- Genre: Talk show
- Presented by: Robert Irvine
- Country of origin: United States
- Original language: English
- No. of seasons: 2
- No. of episodes: 181

Production
- Production locations: The Burbank Studios, Burbank, California
- Running time: 60 minutes
- Production companies: Irwin Entertainment Tribune Studios Robert Irvine Productions

Original release
- Network: The CW
- Release: September 12, 2016 – May 24, 2018

= The Robert Irvine Show =

American tabloid talk show (2016–2018)

The Robert Irvine Show is an American daytime talk show hosted by Robert Irvine and produced by Tribune Studios and Irwin Entertainment. The show premiered on The CW on September 12, 2016, as part of their late afternoon timeslot, and replaced Bill Cunningham's self-titled show after his television retirement. Like Cunningham, along with Irvine's Food Network series Restaurant: Impossible, it featured Irvine in the traditional conflict-resolution talk format trying to work out problems between subjects who came on the series.

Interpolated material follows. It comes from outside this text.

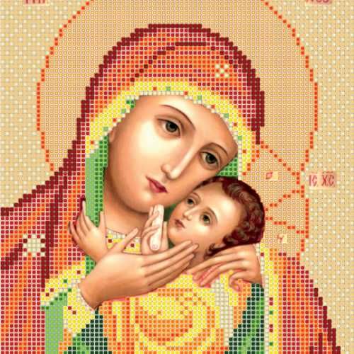 Схема для вышивки бисером на атласной ткани Божия Матерь Касперовская киевского производителя Повитруля. На схеме указаны цвета и требуемое количество бисера (№10, Preciosa).

Until the start of its second season in September 2017, it was the final program distributed by the American Big Five over-the-air networks to still be produced in standard definition, albeit in a widescreen format.

The show ceased production after its second season due to low ratings, with the final episode airing May 24, 2018 (a clip show one day later was the final regular episode), with repeats ending September 7. It was replaced by encore and unaired original episodes of Jerry Springer under an arrangement with Tribune Media and NBCUniversal Television Distribution.